Se volvió hacia la casa. Scott Ashton estaba de pie junto a la puerta abierta.
Gurney sonrió.
– Lamento molestarle un domingo por la mañana.
Ashton se dio cuenta de su sonrisa.
– No esperaría diferencias entre un día laborable y un fin de semana en una investigación de homicidio. ¿Hay alguna cosa concreta…?
– En realidad, me estaba preguntando si podría echar otro vistazo a la zona de alrededor de la cabaña.
– ¿Otro vistazo?
– Exacto. Si no le importa.
– ¿Hay alguna cosa en particular que le interese?
– Espero saberlo cuando lo vea.
La sonrisa de Ashton era tan mesurada como su voz.
– Avíseme si necesita ayuda. Estaré con mi padre en el gabinete.
Alguna gente tenía «estudios»; otra gente, «gabinetes», pensó Gurney. ¿Quién había dicho que Estados Unidos era una sociedad sin clases? Ciertamente nadie con una casa construida en piedra de Cotswold y cuyo padre se llamara Hobart Ashton.
Caminó por el jardín lateral y pasó bajo la pérgola que daba a la zona principal del jardín trasero.

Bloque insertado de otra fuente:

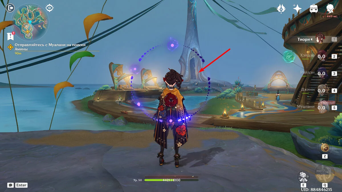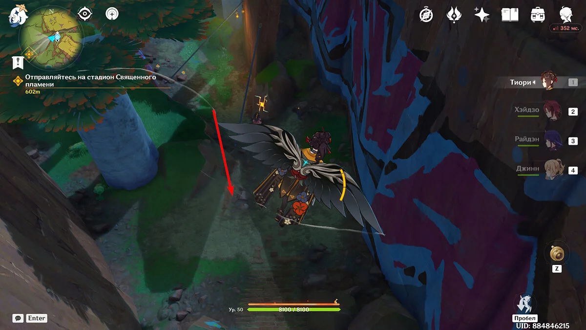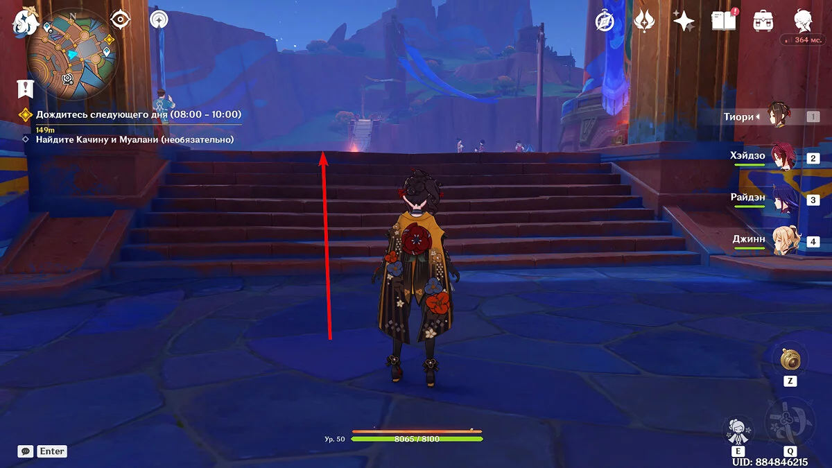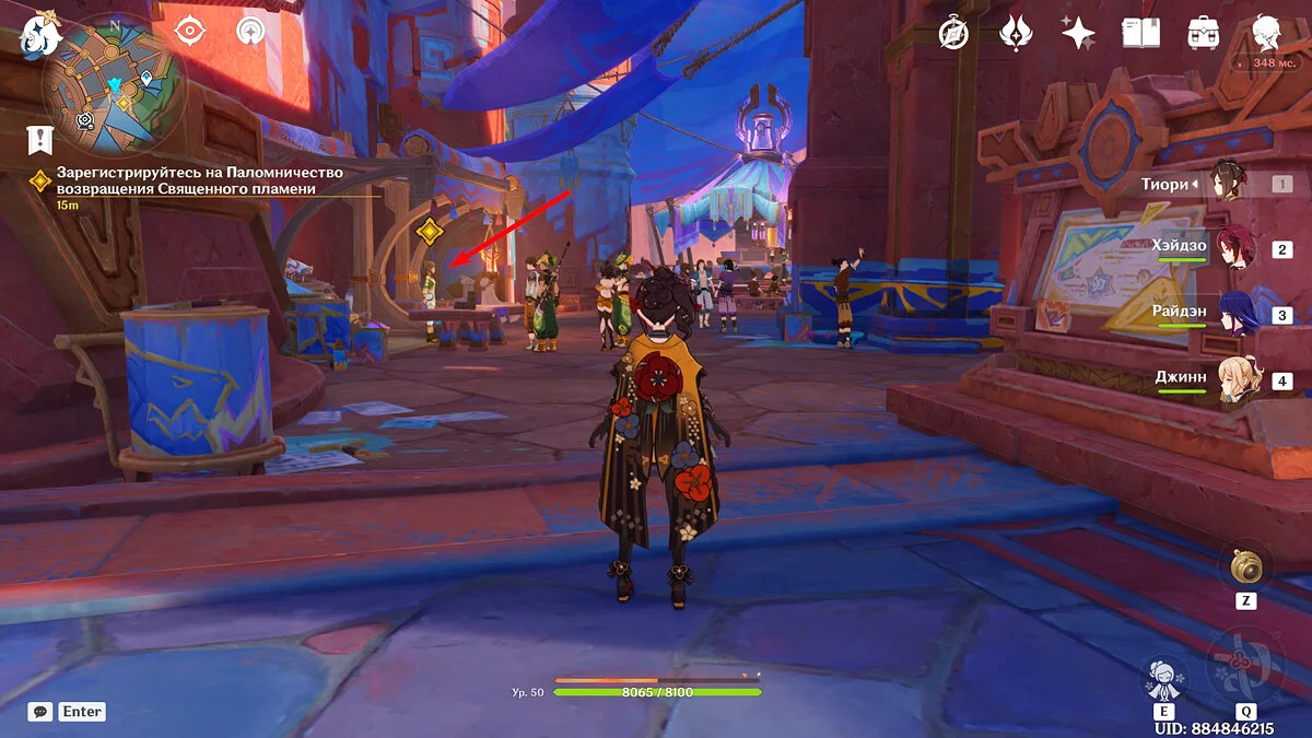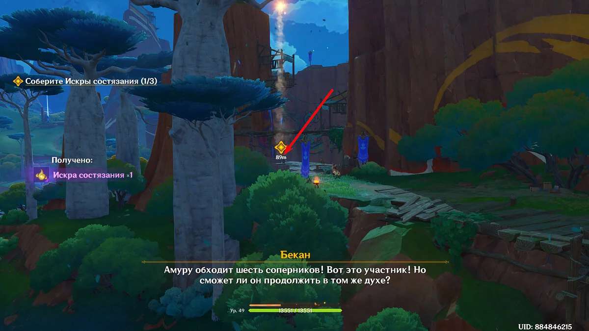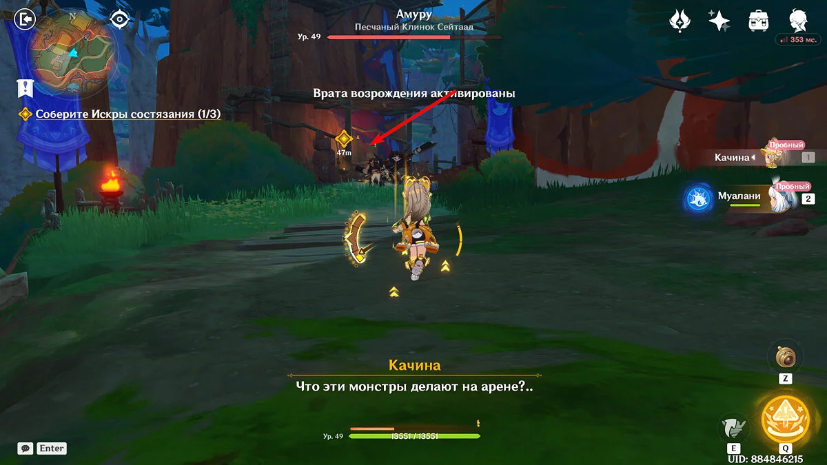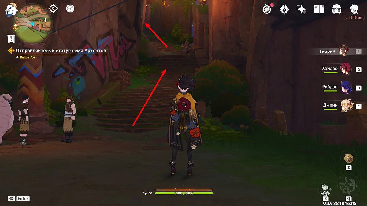 От Статуи Архонта продолжайте идти к стадиону Священного пламени. Для этого просто бегите по главной дороге прямо, никуда не сворачивая. Ориентируйтесь на высоких динозавров вдалеке и длинные деревья с голубой листвой. Кроме того, прямо около нужного места уже есть телепорт, поэтому, если вы уже исследовали территорию Натлана и открыли все точки, смело перемещайтесь туда.

Había estado tan preocupado que no se había fijado hasta ese mismo momento en el día espléndido que hacía; uno de aquellos días de otoño en que el ángulo alterado del sol, el color distinto de las hojas y una absoluta quietud en el aire conspiraban para crear un mundo de paz atemporal, un mundo que no requería nada de él, un mundo cuya calma le quitaba la respiración.
Como todos los momentos de serenidad en la vida de Gurney, este duró poco. Había llegado allí para concentrarse en un crimen, para absorber más plenamente la esencia real del lugar en el cual había ocurrido, el escenario en el que el asesino cometió el asesinato.

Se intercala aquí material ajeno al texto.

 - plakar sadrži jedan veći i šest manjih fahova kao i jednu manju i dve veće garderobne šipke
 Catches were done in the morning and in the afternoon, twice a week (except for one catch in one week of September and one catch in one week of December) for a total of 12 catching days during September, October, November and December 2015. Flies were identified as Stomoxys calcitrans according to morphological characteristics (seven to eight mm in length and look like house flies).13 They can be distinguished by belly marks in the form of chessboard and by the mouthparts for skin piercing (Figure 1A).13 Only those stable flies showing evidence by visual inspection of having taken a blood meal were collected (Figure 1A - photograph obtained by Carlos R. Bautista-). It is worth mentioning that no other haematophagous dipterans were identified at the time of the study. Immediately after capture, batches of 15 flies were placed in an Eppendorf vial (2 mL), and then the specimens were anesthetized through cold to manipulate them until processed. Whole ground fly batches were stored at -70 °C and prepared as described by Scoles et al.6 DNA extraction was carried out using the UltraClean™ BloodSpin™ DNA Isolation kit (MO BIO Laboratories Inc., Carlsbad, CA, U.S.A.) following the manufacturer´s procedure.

Continuó rodeando la casa por detrás hacia el amplio patio de piedra, hasta llegar a la mesita redonda, la mesita donde cuatro meses antes la bala de un rifle Weatherby calibre 257 había hecho añicos la taza de té de Ashton. Se preguntó dónde estaría Héctor Flores en ese mismo momento. Podría estar en cualquier sitio. Podría estar en el bosque vigilando la casa, sin quitar ojo a Ashton y a su padre, sin quitarle ojo a él.